Lines from the one with "Wil je jouw" up to and including the one with "Welcome to Sacred" are to be copied exactly from the records below, without their pictures.

[[ Data provided, beginning ]]

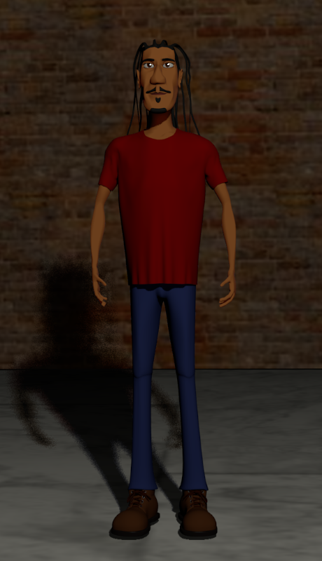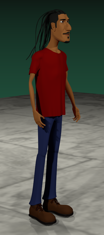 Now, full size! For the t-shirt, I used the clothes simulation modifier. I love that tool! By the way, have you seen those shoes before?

[[ Data provided, end ]]
[[ Data provided, beginning ]]

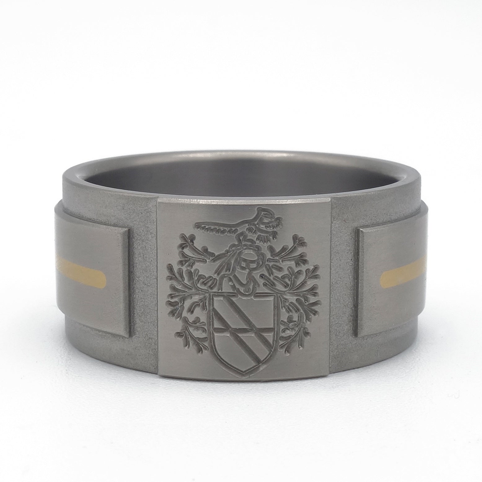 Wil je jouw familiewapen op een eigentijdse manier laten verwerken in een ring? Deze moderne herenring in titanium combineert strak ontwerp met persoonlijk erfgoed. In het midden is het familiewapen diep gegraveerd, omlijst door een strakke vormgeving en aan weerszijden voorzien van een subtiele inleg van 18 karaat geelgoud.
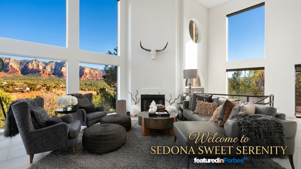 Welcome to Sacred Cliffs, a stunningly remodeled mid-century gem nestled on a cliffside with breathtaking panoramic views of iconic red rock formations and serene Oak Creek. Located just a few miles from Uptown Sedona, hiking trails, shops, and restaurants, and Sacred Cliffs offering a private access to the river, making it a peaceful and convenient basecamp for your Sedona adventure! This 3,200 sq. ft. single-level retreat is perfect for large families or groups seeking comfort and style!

[[ Data provided, end ]]
[[ Data provided, beginning ]]

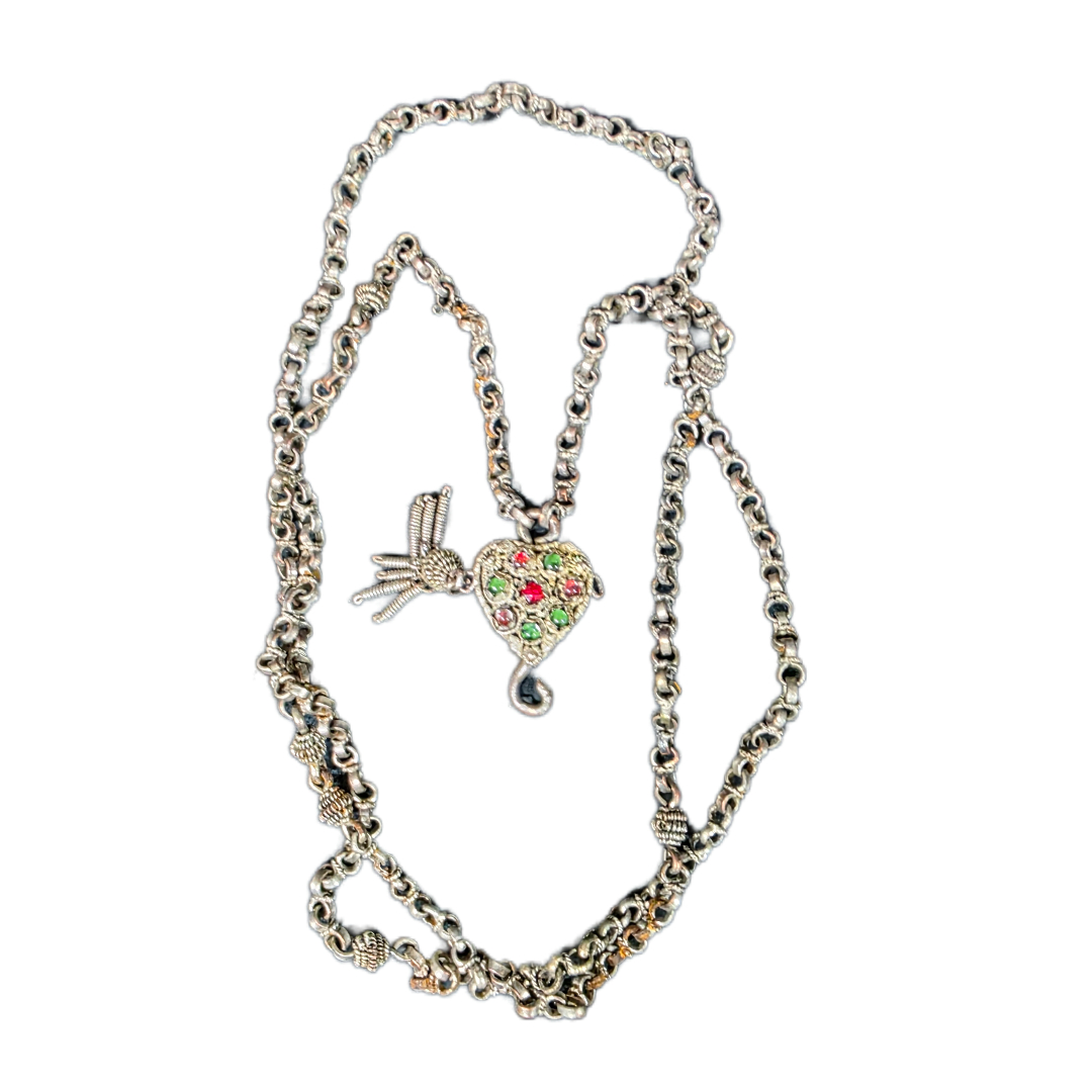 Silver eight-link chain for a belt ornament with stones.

[[ Data provided, end ]]

◆ Solution to the exercise
 Wil je jouw familiewapen op een eigentijdse manier laten verwerken in een ring? Deze moderne herenring in titanium combineert strak ontwerp met persoonlijk erfgoed. In het midden is het familiewapen diep gegraveerd, omlijst door een strakke vormgeving en aan weerszijden voorzien van een subtiele inleg van 18 karaat geelgoud.
 Welcome to Sacred Cliffs, a stunningly remodeled mid-century gem nestled on a cliffside with breathtaking panoramic views of iconic red rock formations and serene Oak Creek. Located just a few miles from Uptown Sedona, hiking trails, shops, and restaurants, and Sacred Cliffs offering a private access to the river, making it a peaceful and convenient basecamp for your Sedona adventure! This 3,200 sq. ft. single-level retreat is perfect for large families or groups seeking comfort and style!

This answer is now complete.